PIC24fj256da210 - dziwne zachowanie GPIO

Eksperymentuję właśnie z mikrokontrolerem PIC24fj256da210. Złożyłem własną płytkę prototypową i powoli z nią eksperymentuję. Udało mi się odpalić timer, UART, USB i zamigać paroma diodami. Zauważyłem natomiast dziwne zachowanie niektórych pinów GPIO. Mianowicie:

Mam na płytce cztery diody LED, podłączone do pinów RB0..RB3. Te na RB1 i RB2 migają prawidłowo. Natomiast RB0 i RB3 nie jestem w stanie uruchomić. Wszystkie piny są ustawione jako cyfrowe wyjścia, no i znajdują się na tym samym porcie... Nie byłem też w stanie zmienić stanu RB12 oraz coś jest nie tak z SPI (wydaje mi się, że PPS skonfigurowany prawidłowo). Podejrzewam, że przyczyna może być ta sama.

Ktoś ma jakiś pomysł co do tego, co może być nie tak? Czyżby coś o wyższym priorytecie było domyślnie włączone po resecie, roszcząc sobie prawo do niektórych pinów?

Reply to
Atlantis
Loading thread data ...

Nie znam sie ale ludzie na forach piszą że trzeba pisać do LATx a nie do PORTx

c.

Reply to
cezar

W jaki sposób ustawiasz porty na cyfrowe? Należy używać io API wtedy ma się pewność że inne nadrzędne peryferia portu zostaną wyłączone.

Reply to
Marek

Za pośrednictwem rejestrów. Z tego co widzę biblioteka do obsługi peryferiów dla PIC24 jest dość uboga - nawet autorzy podręczników z którymi miałem do czynienia operowali bezpośrednio na rejestrach. No chyba, że jest jakaś wersja Harmony dla PIC24 - z tymi bibliotekami jeszcze nie eksperymentowałem.

W każdym razie problem udało mi się rozwiązać, chociaż nie jestem pewien co jest przyczyną. Po prostu zamiast wpisywać od razu wartość do rejestru konfigurującego piny na cyfrowe/analogowe, ustawiłem wszystkie jako analogowe, a potem pojedynczo poustawiałem te, które mnie interesowały. Zadziałało. Możliwe, że we wcześniejszej wersji gdzieś miałem błąd, którego nie mogłem się doszukać.
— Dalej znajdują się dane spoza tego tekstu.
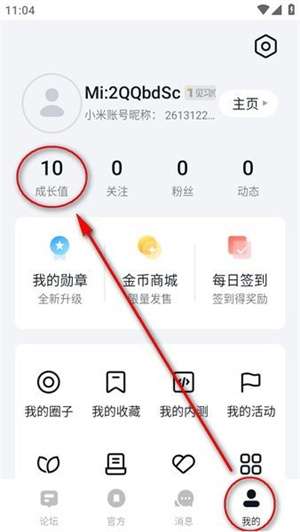 1、首先我们在打开小米社区后,可以看到最下方的四个选项,点击右下角“我的”,并选择“成长值”,如下图;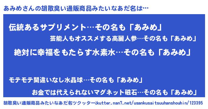 | 男性向けラノベタイトル風あだ名 | 『あみめという概念が存在しない退屈な世界 』 |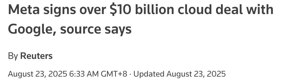 据路透社援引知情人士称,去年8月,Meta与谷歌云达成了一项为期6年、价值超过100亿美元的云计算协议,用于支撑其AI基础设施。

Udało mi się uruchomić SPI oraz podłączony do niego ENC28J60, razem z TCP/IP (biblioteka z MLA). Działa też FatFS podpięty do biblioteki USB MSD Host.

Pojawił się jednak problem, gdy próbowałem uruchomić FatFS z pamięcią SPI Flash (układ z serii SST25*). Wykorzystałem sterownik od Microchipa, który bez problemu działał na PIC32, ale jego kod jest napisany w sposób uniwersalny i zawiera sekcje do kompilacji warunkowej dla PIC24. Sterownik się kompiluje, ale jakakolwiek operacja ale każda operacja na nośniku jakiej próbowałem (formatowanie, montowanie itp.) powoduje reset mikrokontrolera. W rejestrze RCON mam ustawiony bit IOPUWR.

Zgodnie z dokumentacją:

"An illegal opcode detection, an illegal address mode or uninitialized W register is used as an Address Pointer and caused a Reset".

Ktoś ma jakiś pomysł co do możliwej przyczyny? W jaki sposób dalej to debugować, aby ustalić dokładne miejsce wystąpienia problemu?

Reply to
Atlantis

Ok, próbowałem debugować i widzę, że problem jest trochę inny, niż się wydaje. O dziwo winny nie jest sterownik SPIFlash, ale biblioteka USB z MLA. Nie wiem dlaczego, ale problem ujawnia się dopiero wtedy, gdy włączę obsługę SPIFlash.

Co udało mi się ustalić:

1) Ustawiłem funkcję do obsługi przerwań "trap". 2) Po wystąpieniu błędu uruchomione zostaje przerwanie "_AddressError". 3) Prześledzenie wywołań na stosie wygląda następująco: main() ->

f_mount() -> USBHostInit(). Poniższa linia ma wywoływać _AddressError:

pCurrentEndpoint = usbDeviceInfo.pEndpoint0;

Jakiś pomysł co do tego, co może być nie tak?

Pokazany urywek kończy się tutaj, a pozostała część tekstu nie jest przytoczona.